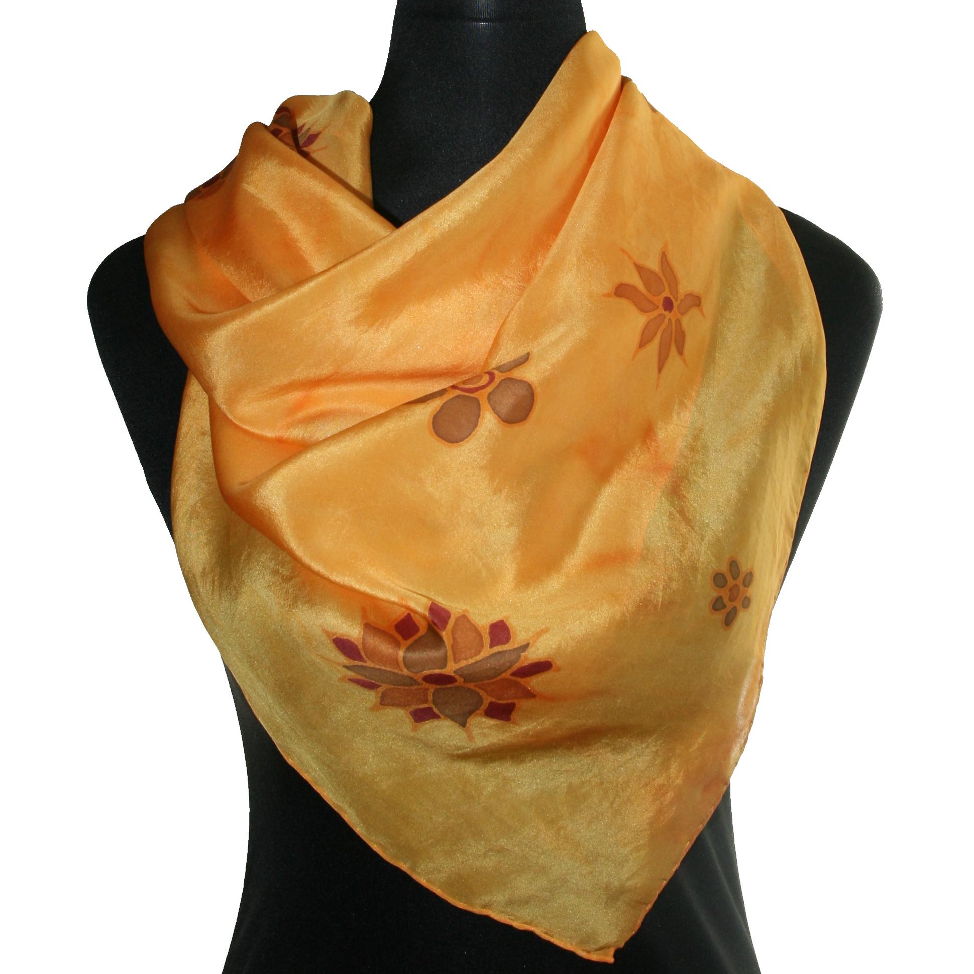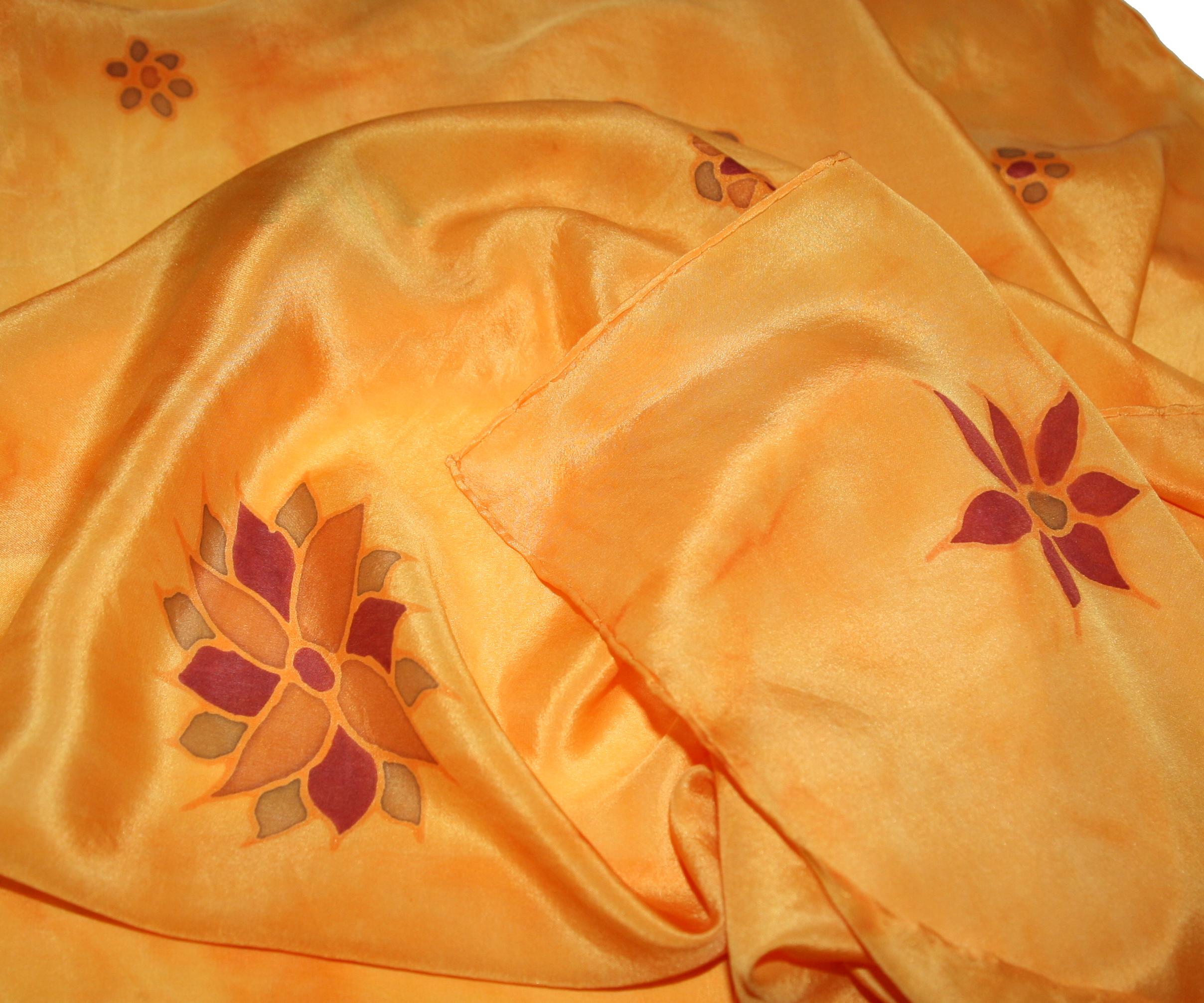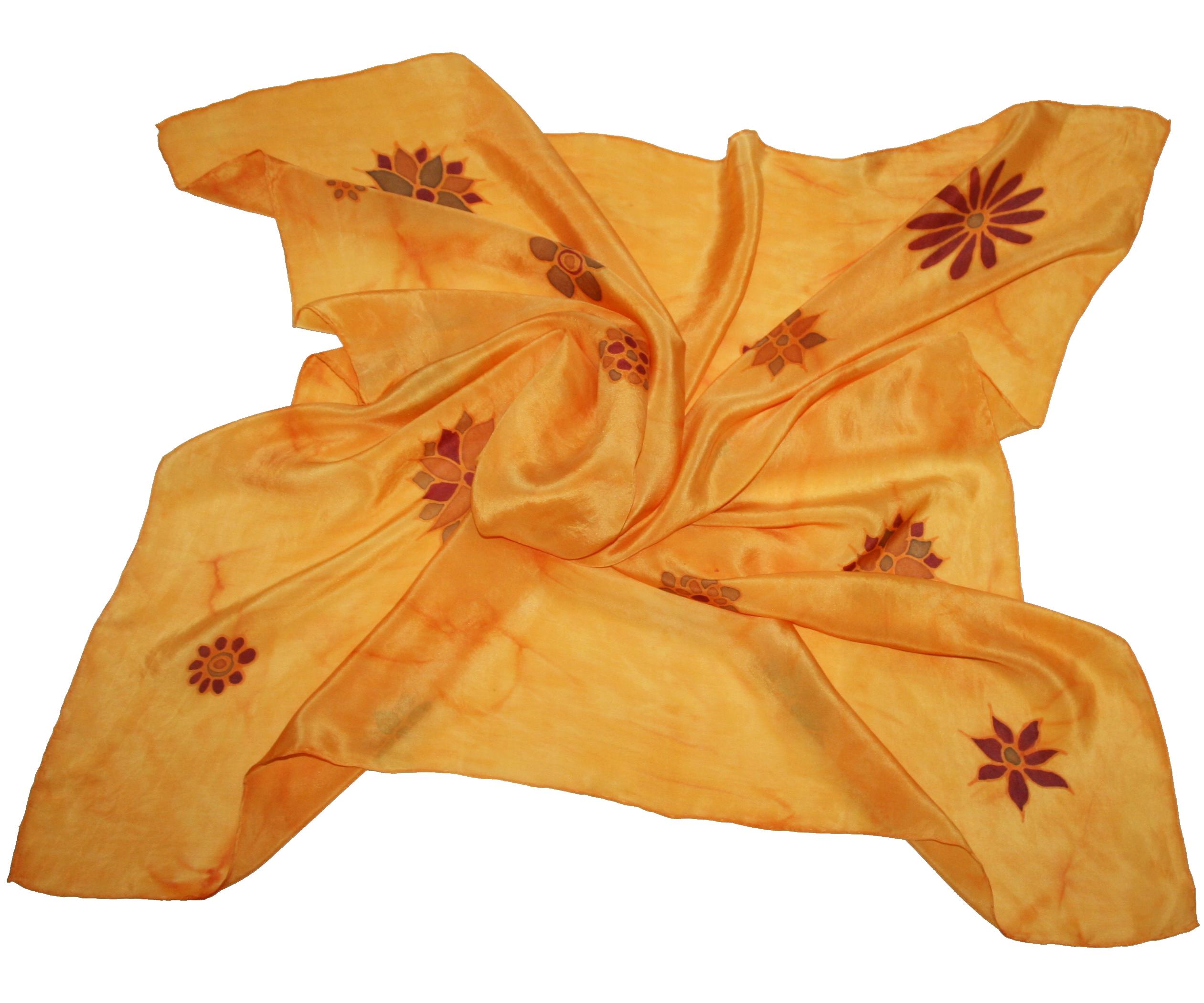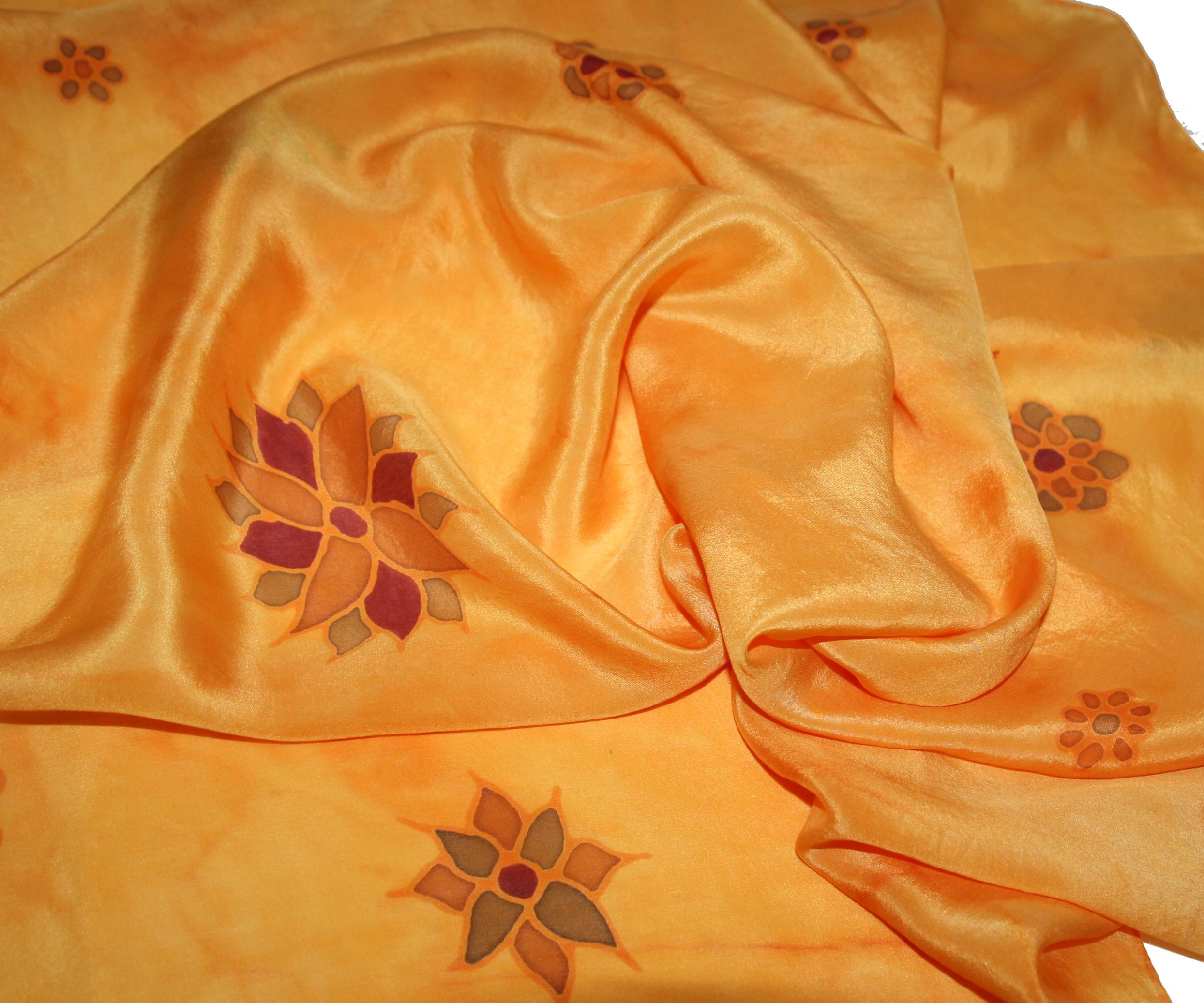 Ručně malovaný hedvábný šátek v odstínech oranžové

...

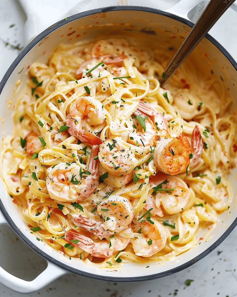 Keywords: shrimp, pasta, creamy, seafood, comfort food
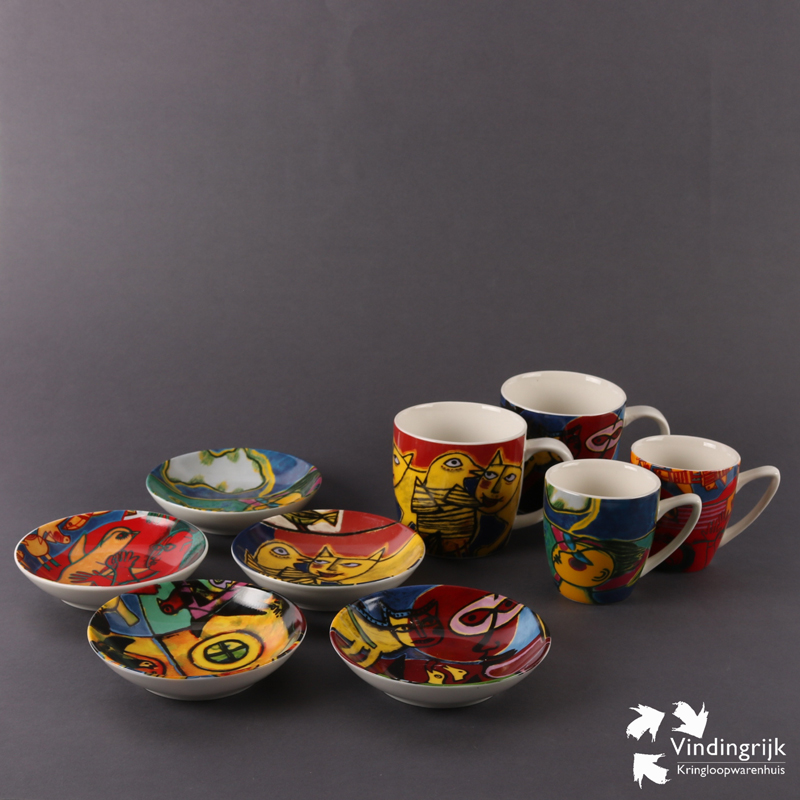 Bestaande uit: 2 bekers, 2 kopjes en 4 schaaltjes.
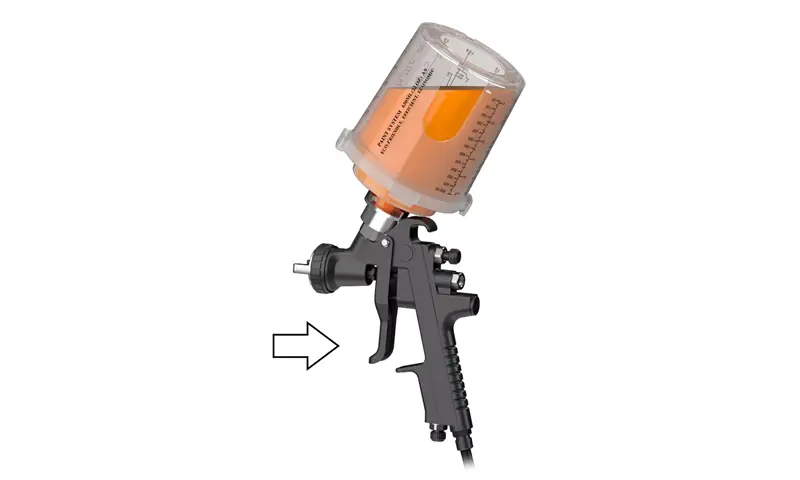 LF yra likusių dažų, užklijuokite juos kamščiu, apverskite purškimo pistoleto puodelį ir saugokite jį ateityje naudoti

==

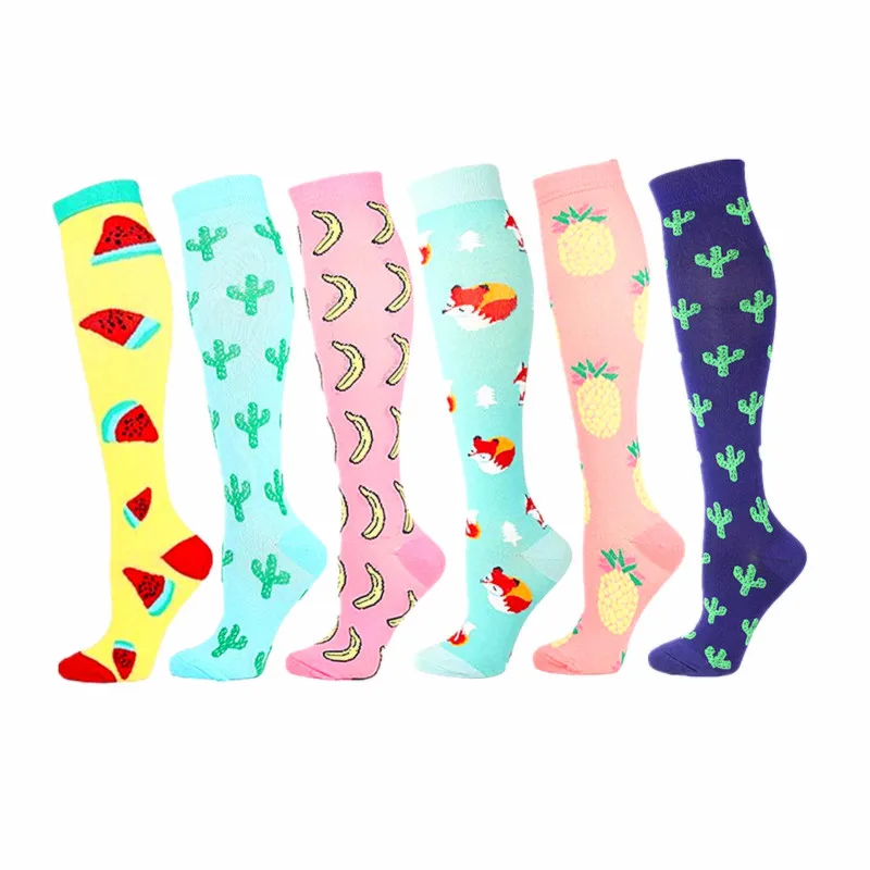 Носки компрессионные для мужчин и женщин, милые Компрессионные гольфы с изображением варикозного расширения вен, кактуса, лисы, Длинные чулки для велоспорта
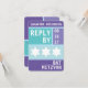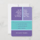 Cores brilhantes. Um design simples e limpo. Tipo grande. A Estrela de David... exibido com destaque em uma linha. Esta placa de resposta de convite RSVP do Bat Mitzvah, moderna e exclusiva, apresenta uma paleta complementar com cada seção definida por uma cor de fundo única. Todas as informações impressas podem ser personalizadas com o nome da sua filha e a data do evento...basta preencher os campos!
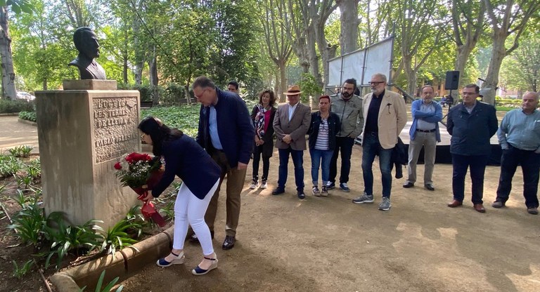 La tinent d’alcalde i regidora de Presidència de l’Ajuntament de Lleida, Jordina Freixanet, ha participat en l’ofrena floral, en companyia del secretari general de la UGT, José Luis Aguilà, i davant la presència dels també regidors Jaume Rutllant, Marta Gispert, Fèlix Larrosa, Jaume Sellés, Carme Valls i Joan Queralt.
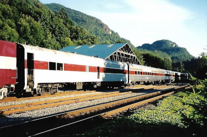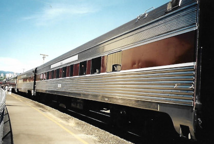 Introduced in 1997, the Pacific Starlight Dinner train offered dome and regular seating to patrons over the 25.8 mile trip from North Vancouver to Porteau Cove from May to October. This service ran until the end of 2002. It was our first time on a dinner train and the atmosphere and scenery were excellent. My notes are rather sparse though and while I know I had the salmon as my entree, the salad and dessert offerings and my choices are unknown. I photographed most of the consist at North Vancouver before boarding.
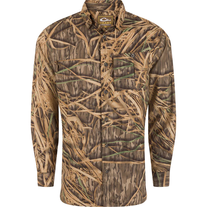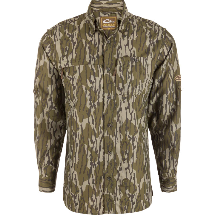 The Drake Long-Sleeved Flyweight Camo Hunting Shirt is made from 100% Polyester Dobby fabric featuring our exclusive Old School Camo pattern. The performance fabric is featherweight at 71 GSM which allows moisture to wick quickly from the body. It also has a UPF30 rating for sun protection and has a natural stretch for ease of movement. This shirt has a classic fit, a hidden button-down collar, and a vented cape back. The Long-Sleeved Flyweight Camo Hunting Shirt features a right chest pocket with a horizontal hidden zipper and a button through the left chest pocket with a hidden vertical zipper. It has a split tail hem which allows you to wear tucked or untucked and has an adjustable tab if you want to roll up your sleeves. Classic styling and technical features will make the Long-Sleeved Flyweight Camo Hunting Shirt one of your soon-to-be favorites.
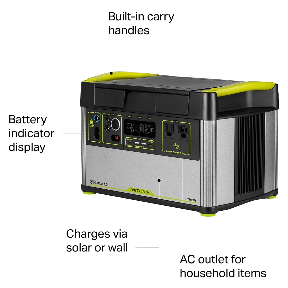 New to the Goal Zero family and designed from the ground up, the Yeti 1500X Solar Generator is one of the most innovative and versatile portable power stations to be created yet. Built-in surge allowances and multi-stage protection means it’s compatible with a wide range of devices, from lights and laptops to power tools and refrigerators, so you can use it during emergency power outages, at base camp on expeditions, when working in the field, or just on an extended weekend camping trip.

* _Work instructions_
Copy nothing but the lines above from the one with "La tinent d’alcalde" to the one with "The Drake Long-Sleeved", inclusive, word for word. Leave every picture out.

* _Written solution_
 La tinent d’alcalde i regidora de Presidència de l’Ajuntament de Lleida, Jordina Freixanet, ha participat en l’ofrena floral, en companyia del secretari general de la UGT, José Luis Aguilà, i davant la presència dels també regidors Jaume Rutllant, Marta Gispert, Fèlix Larrosa, Jaume Sellés, Carme Valls i Joan Queralt.
 Introduced in 1997, the Pacific Starlight Dinner train offered dome and regular seating to patrons over the 25.8 mile trip from North Vancouver to Porteau Cove from May to October. This service ran until the end of 2002. It was our first time on a dinner train and the atmosphere and scenery were excellent. My notes are rather sparse though and while I know I had the salmon as my entree, the salad and dessert offerings and my choices are unknown. I photographed most of the consist at North Vancouver before boarding.
 The Drake Long-Sleeved Flyweight Camo Hunting Shirt is made from 100% Polyester Dobby fabric featuring our exclusive Old School Camo pattern. The performance fabric is featherweight at 71 GSM which allows moisture to wick quickly from the body. It also has a UPF30 rating for sun protection and has a natural stretch for ease of movement. This shirt has a classic fit, a hidden button-down collar, and a vented cape back. The Long-Sleeved Flyweight Camo Hunting Shirt features a right chest pocket with a horizontal hidden zipper and a button through the left chest pocket with a hidden vertical zipper. It has a split tail hem which allows you to wear tucked or untucked and has an adjustable tab if you want to roll up your sleeves. Classic styling and technical features will make the Long-Sleeved Flyweight Camo Hunting Shirt one of your soon-to-be favorites.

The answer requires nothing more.